Nintendo is the bitch of the gaming world, it changes its mind all the time and it expects you to know what it wants you to do, and you’re all like, wait, how am I supposed to KNOW what you want me to do if you won’t tell me, and it’s all YOU SHOULD JUST KNOW THESE THINGS, and you’re all, I’M NOT FUCKING PSYCHIC, and it’s like WELL MAYBE YOU SHOULDN’T HAVE BOUGHT ME, and I’m all like, BUT YOU HELD BAYONETTA RANDSOME SO I HAD NO CHOICE YOU FUCKING LUNATIC, and it’s screaming all like HOW THE FUCK ELSE WAS I SUPPOSED TO MAKE YOU LOVE ME, and so I’m all MAYBE BY SCRAPPING THE STUPID GIMMICKS AND GIVING ME SOME GAMES I GENUINELY WANT AND ENJOY PLAYING, NOT SOME BULLSHIT WITH MIIS OR WHATEVER, and at this point Nintendo is like sob-screaming, all barely comprehensible, all like I DON’T HAVE THE TIME OR THE RESOURCES ANYMORE YOU KNOW THAT, so I go THAT’S FUCKING HORSESHIT YOU LIAR, YOU’VE BANKED LIKE TWO HUNDRED AND FIFTY SEVEN MILLION DOLLARS. GIVE ALL OF YOUR EMPLOYEES A DECENT RAISE AND GET THEM WORKING ON NEW, REALLY GOOD ZELDA GAMES OR METROIDS OR SOMETHING. YOU HAVE MORE RESOURCES THAN YOU KNOW WHAT TO DO WITH. YOU’RE LIKE A FAT KID WHO HAS ALL OF THE CANDY BUT INSTEAD OF EATING THE CANDY HE’S JUST CHEWING THE SAME SHITTY PIECE OF FLAVORLESS GUM. I DON’T EVEN KNOW WHO THE FUCK YOU ARE ANYMORE. And then Nintendo is just going A BLOO BLA BLOOOO! because it wants to play the sympathy card and make you lower your guard and forgive it, but no.
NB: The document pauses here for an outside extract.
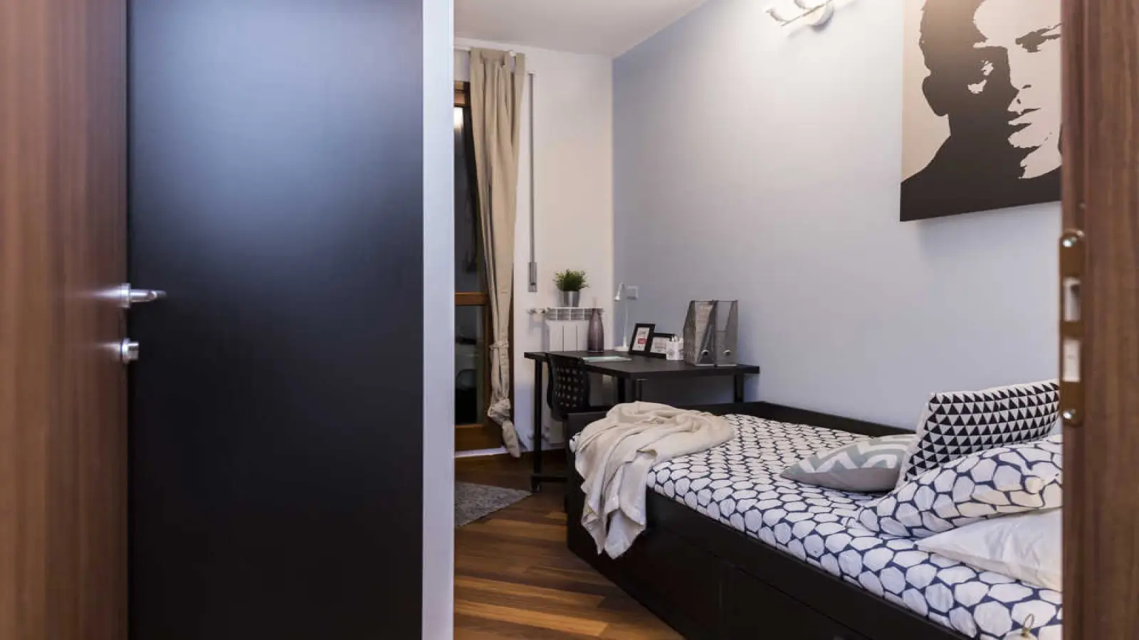Quarto individual em apartamento compartilhado, composto por 6 quartos e 3 banheiros. De cerca de 9 m² com uma cama de solteiro e uma estação de trabalho. Com wifi, ar condicionado, lava-louças, máquina de lavar roupa. Classe energética: B, IPE 33,59 Kwh/m² ano.

I’m staying strong on this one. Fuck the Wii U.

Yeah I realize the crux of this award is the same as one Renegade did last year but whatever. So congrats to Nintendo on sweeping our awards for shitty consoles two years running now. Apparently they have a vision and are sticking to it.
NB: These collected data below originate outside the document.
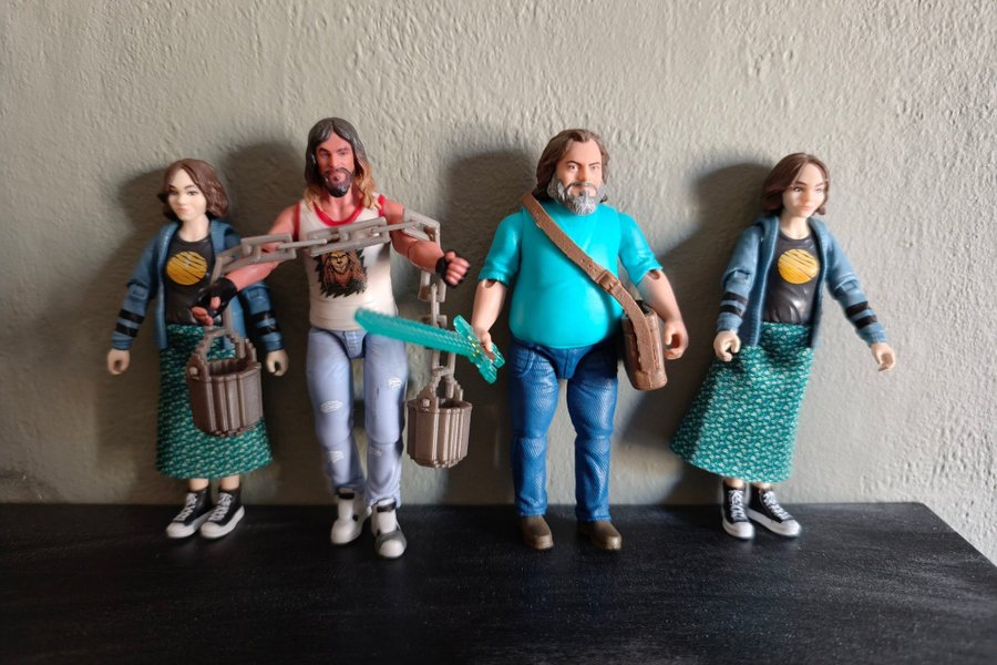 Fyra Minecraft Dungeons Hero Pack figurer. Två kvinnliga figurer och två manliga figurer. En av de manliga figurerna har en kedja och ett svärd. Den andra manliga figuren har en väska.
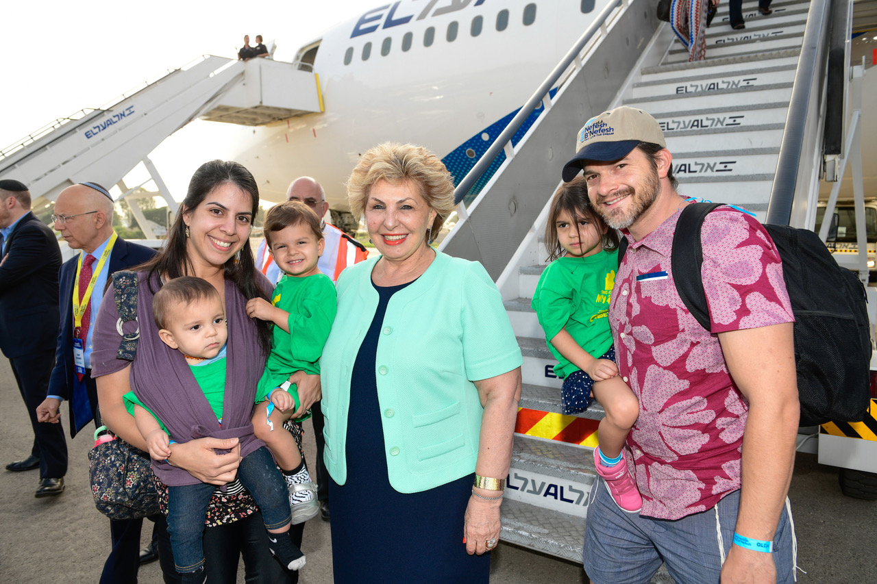Minister of Aliyah and Integration, Sofa Landver poses with the Leopold family from Las Vegas following their Aliyah charter flight with Nefesh B’Nefesh (Photo: Shahar Azran)
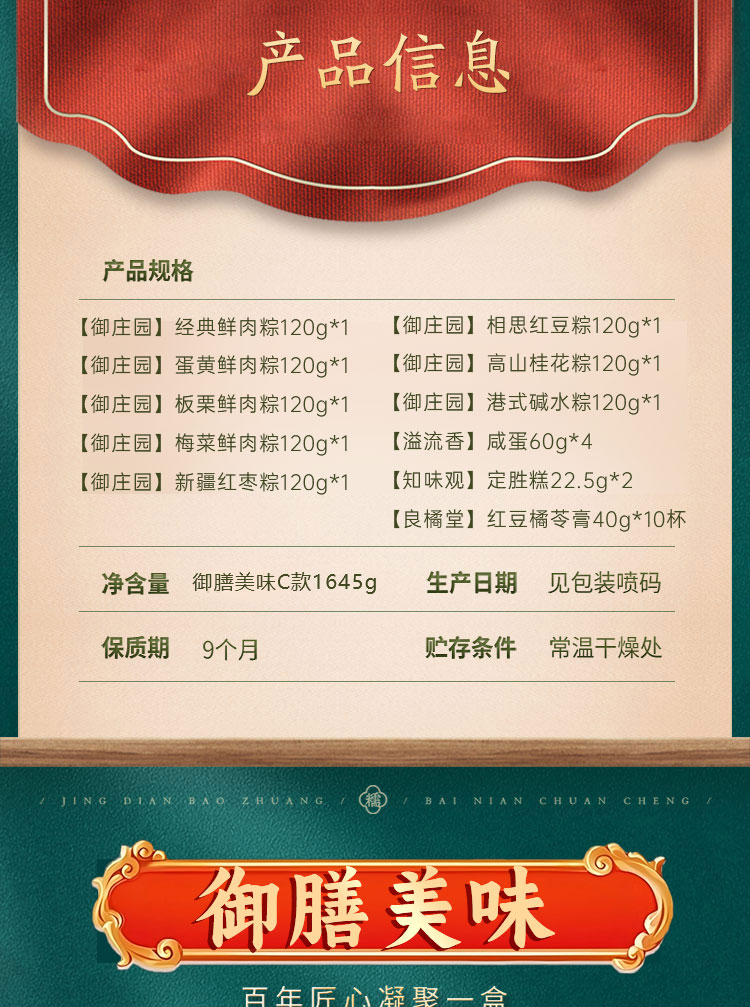 御庄园·御膳美味C款1645g(8粽+4蛋+糕点+10杯龟苓膏) 【端午】LP

Okay whatever there’s some bullshitty awards for you this year, because we have this strange sense of obligation to do an awards thing every single year even now when we maybe review three things during that timeframe. Until next year, fuck you and have a great whatever. Maybe this year we’ll get another couple of good games. Maybe an acceptable one. And absolutely we will get about seventeen thousand and three god awful ones that IGN gives 9.82/10 and spends 70% of the review talking about graphics and “visual fidelity” or something.
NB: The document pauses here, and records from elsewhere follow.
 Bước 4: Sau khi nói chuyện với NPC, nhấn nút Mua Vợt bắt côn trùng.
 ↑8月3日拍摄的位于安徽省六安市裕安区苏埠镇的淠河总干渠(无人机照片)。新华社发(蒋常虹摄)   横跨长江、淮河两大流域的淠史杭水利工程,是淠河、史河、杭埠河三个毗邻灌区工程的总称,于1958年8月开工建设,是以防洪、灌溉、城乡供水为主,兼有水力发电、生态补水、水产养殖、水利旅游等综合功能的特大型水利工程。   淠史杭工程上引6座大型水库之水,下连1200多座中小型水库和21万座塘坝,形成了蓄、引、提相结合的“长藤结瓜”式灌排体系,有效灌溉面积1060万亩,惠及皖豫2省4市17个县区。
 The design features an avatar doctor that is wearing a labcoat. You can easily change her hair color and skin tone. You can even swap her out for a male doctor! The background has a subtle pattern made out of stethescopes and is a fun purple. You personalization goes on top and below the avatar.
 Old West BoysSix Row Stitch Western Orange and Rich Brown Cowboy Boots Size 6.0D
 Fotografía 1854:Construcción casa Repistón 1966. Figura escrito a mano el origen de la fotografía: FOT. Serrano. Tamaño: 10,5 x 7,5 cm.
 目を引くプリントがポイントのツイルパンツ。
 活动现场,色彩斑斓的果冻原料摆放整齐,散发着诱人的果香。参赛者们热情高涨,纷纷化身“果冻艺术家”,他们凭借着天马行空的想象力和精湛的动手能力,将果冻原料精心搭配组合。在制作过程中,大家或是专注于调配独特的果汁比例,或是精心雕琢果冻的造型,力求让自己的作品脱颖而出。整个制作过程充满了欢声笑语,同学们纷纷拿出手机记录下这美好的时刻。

Also, maybe we should start a pool on whatever controversy Kotaku will throw themselves headfirst into this year. I’m going with grand larceny. Yeah, you might think I’m crazy for thinking that a web-based company could actually physically steal something from you, but I think they’re gonna try real hard and make it happen this year. Let’s go, kotakunts! You can do it! If you work at it, you can somehow do the impossible and find a way to become even worse than you already are. I believe in you.